From the more than 480 neighborhoods in London we found the ~50 most reasonable choices for opening up a cafe or restaurant. This has been achieved by a Cluster analysis of the most frequent venues in each of these neighborhoods. The results show that it is advantageous to locate a new establishment outside of the city center, which is what one could already have expected from the beginning. One exception to this trend is 'Newington', which lies relatively in the heart of London but can be considered the optimum choice within the direct surrounding.

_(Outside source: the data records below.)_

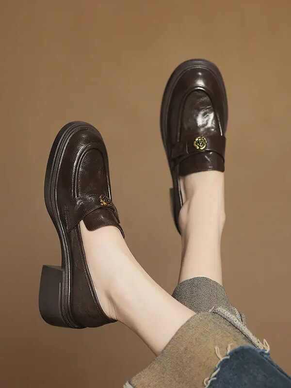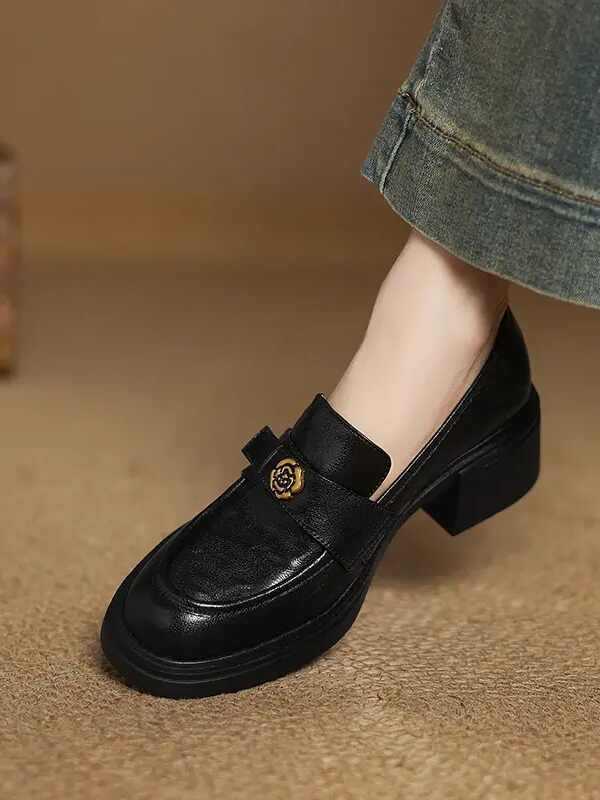 羊の皮 ~ 英倫の復古の厚い底の太さとツバキの花の楽福の靴の女性はスカートの小さい革靴を配合して黒い靴に通勤します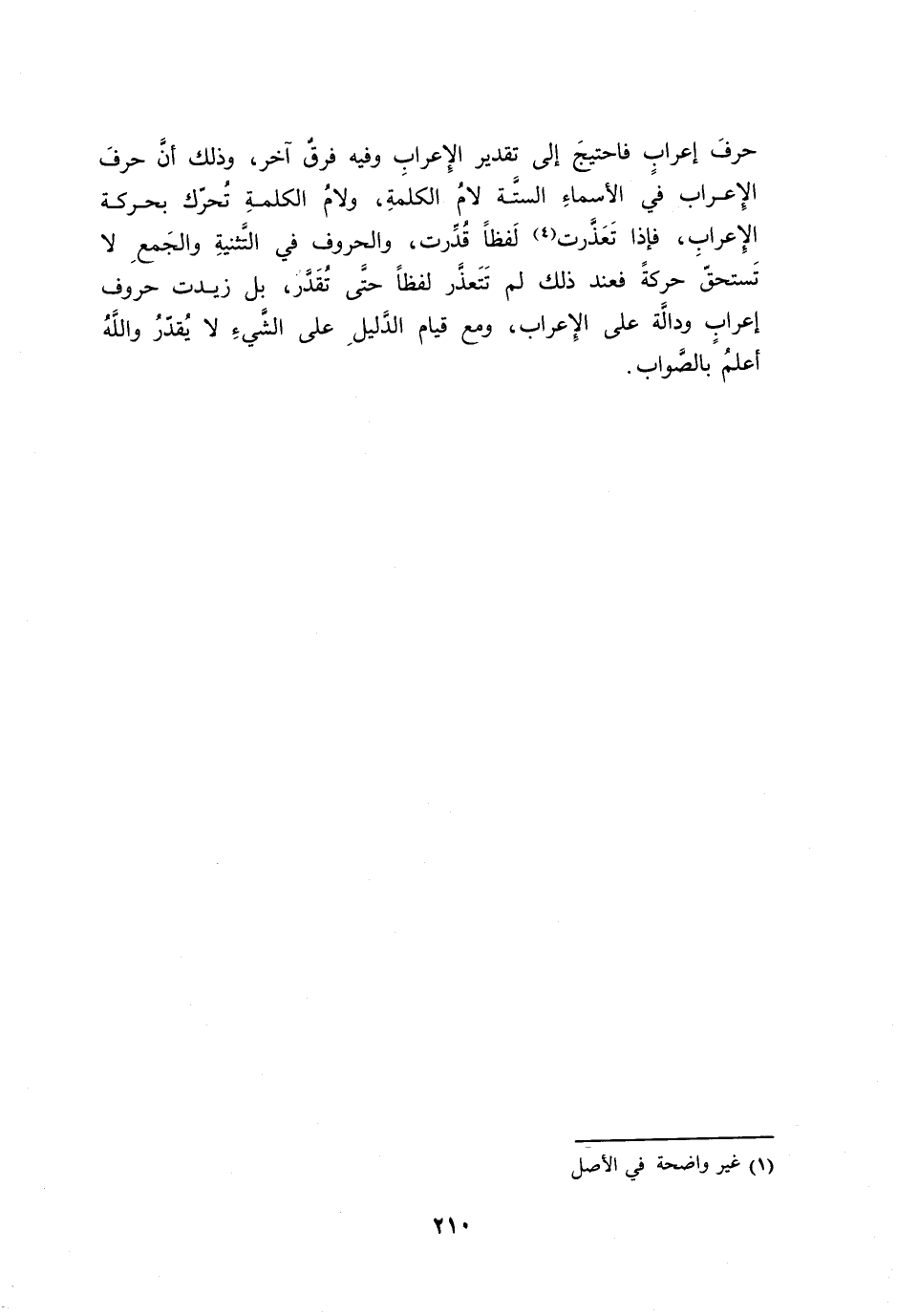حرفَ إعرابٍ فاحتيجَ إلى تقدير الإِعرابِ وفيه فرقٌ آخر، وذلك أنَّ حرفَ الإِعراب في الأسماءِ الستَّة لامُ الكلمةِ، ولامُ الكلمةِ تُحرّك بحركة الإِعرابِ، فإذا تَعَذَّرت لَفظاً قُدِّرت، والحروف في التَّثنيةِ والجَمعِ لا تَستحقّ حركةً فعند ذلك لم تَتَعذَّر لفظاً حتَّى تُقَدَّر، بل زيدت حروف إعرابٍ ودالَّة على الإِعراب، ومع قيام الدَّليلِ على الشَّيءِ لا يُقدّرُ واللَّهُ أعلمُ بالصَّواب.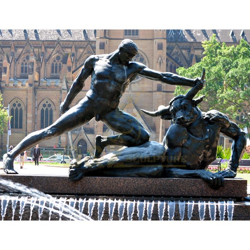 Large Outdoor Bronze Bull Sculpture Of Roman Nude Man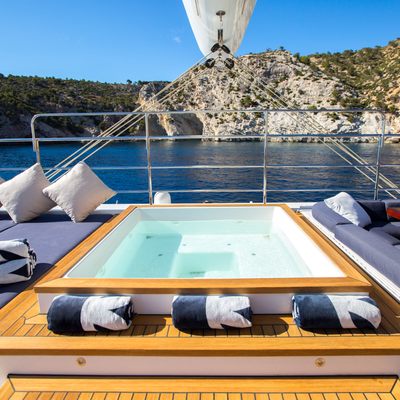 The deck jacuzzi and swimming platform define the onboard leisure character of MASHUA BLUU, supported by kayaks, wake board, water-ski, scuba diving equipment, snorkelling equipment for up to ten persons, and fishing gear — an appropriate inventory for her guest and crew numbers. No tenders are recorded. For groups seeking a simple, well-contained yacht charter in Ibiza or the Balearics with access to watersports and diving, she addresses that requirement without excess.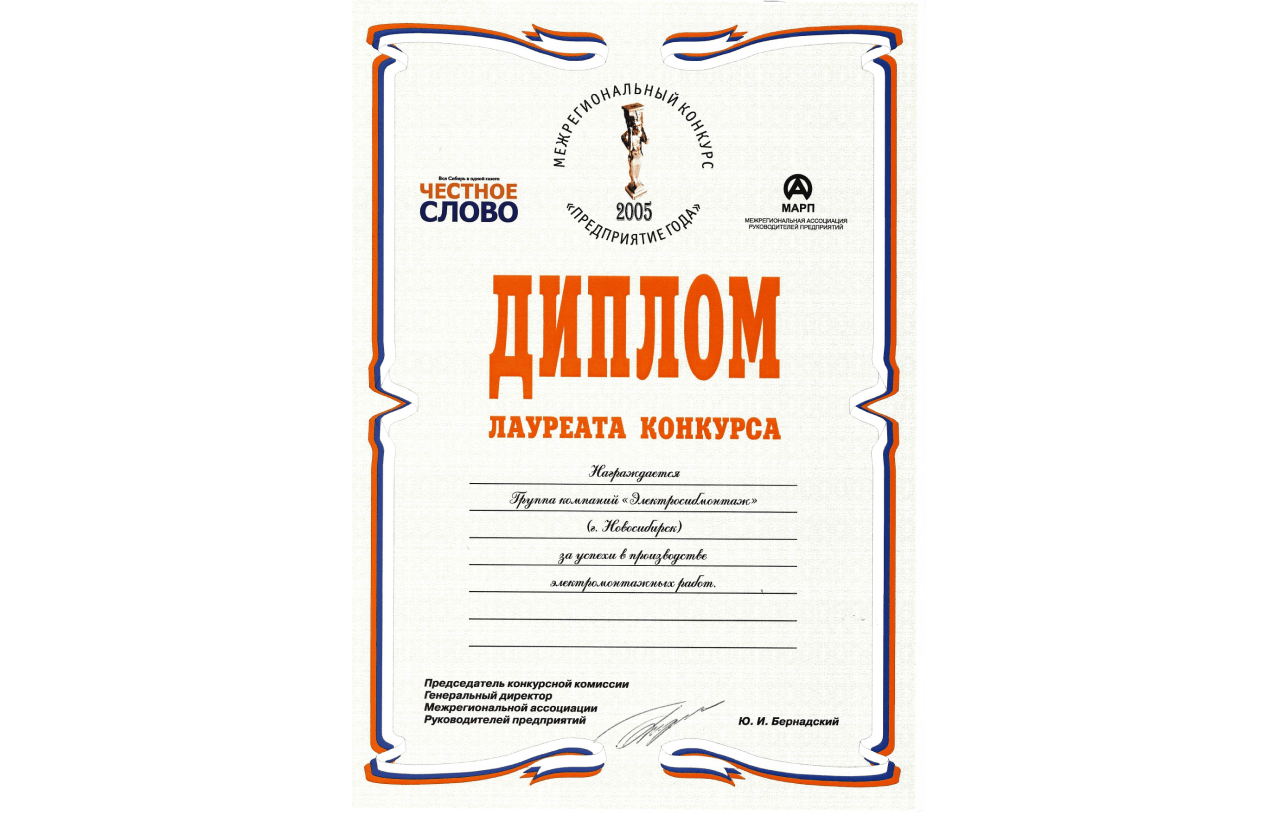 ГК «Электросибмонтаж» становится лауреатом межрегионального конкурса «Предприятие года» и получает диплом за успех в производстве электромонтажных работ.

There are, however, more aspects one could take into consideration when searching for an ideal location of a new restaurant/cafe. Some examples would be: Number of tourist, population density, availability of objects for renting, distinction between certain kinds of restaurants/cafes, and others. Such information is more difficult to obtain for each of the neighborhoods, so we left it out in this analysis. 

## 5. Conclusion

In a realistic scenario, where a business owner is looking for an advantageous location for a future investment, other factors than mentioned so far should also play a substantial role. Will the restaurant rely mainly on tourist or normal residents? Is there enough staff available? What kind of food would my potential customers specially like, and is it possible to deliver this? What I presented here can seen as an additional aspect in a much broader decision making process

The project I present here was fun to code and play with. The outcome is for sure not perfect, but I think I was able to show that I understood the basic principles taught in the course.